A: There's a theorem that if $\lim\limits_{x \to a} f(x) = L$ and $\lim\limits_{x \to a} g(x) = M$, then
$$
\lim_{x \to a} \bigl[f(x) + g(x)\bigr] = L + M.
$$
In the equation after "Should the answer not be?", you've applied the theorem as $x \to 1^{-}$ to the functions
$$
f(x) = \ln \left(\frac{1 - x}{1 + x}\right),\qquad
g(x) = -\ln(1 - x^{2}),
$$
for which the hypothesis (existence of both limits) is false. Consequently you have no reason to expect the conclusion of the theorem to hold (or even to be meaningful).
As multiple respondents have noted, a formal expression $\infty - \infty$ is indeterminate. Your limit exists, but it must be evaluated by applying properties of the logarithm, not by using "limit of the sum is the sum of the limits".
A: Your expression $-\infty + \infty$ is an indeterminate form, much like $\frac{0}{0}$ or $\frac{\infty}{\infty}$. So, on its own, it has no meaning.
In your specific case, using the property of logs that $\ln(AB) = \ln(A) + \ln(B)$ will likely be helpful here.
A: Hint:
Remember that $\ln(A) - \ln(B) = \ln(A/B)$.  Further, $\ln(x^a) = a\ln(x)$.  Also, $1-x^2 = (1+x)(1-x)$ is helpful.
Can you solve it from here?
A: The limits of the form $\infty - \infty$ are indeterminate. For example


*

*$\lim_{x \to \infty} x - x = 0$,

*$\lim_{x \to \infty} x^2 - x = \infty$,

*$\lim_{x \to \infty} x - x^2 = -\infty$.
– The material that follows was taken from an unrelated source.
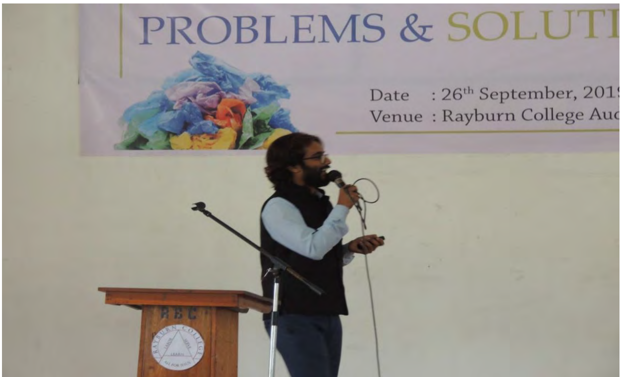
h. Workshop on "Plastic Pollution: Problem & Solution"

In your particular case, observe that


*

*$1 - x^2 = 1^2 - x^2 = (1-x)(1+x)$,

*$\log x - \log y = \log \frac{x}{y}$.


I hope this helps $\ddot\smile$
A: Since $1-x^2 = (1-x)(1+x)$ we have, 
$$\lim_{x\to 1^{-}}\left[
\ln\left(1-x \over 1 + x\right) - \ln\left(1 - x^{2}\right)\right] =\left[\ln\left(1-x \right)-\ln\left( 1 + x\right)\right] - \left[\ln\left(1 +x\right)+\ln\left(1 - x\right)\right] = -2\ln\left(1 +x\right)$$
Thus, $$\lim_{x\to 1^{-}}\left[
\ln\left(1-x \over 1 + x\right) - \ln\left(1 - x^{2}\right)\right] = -2\lim_{x\to 1^{-}}\ln\left(1 +x\right) = -2\ln 2= -\ln 4.$$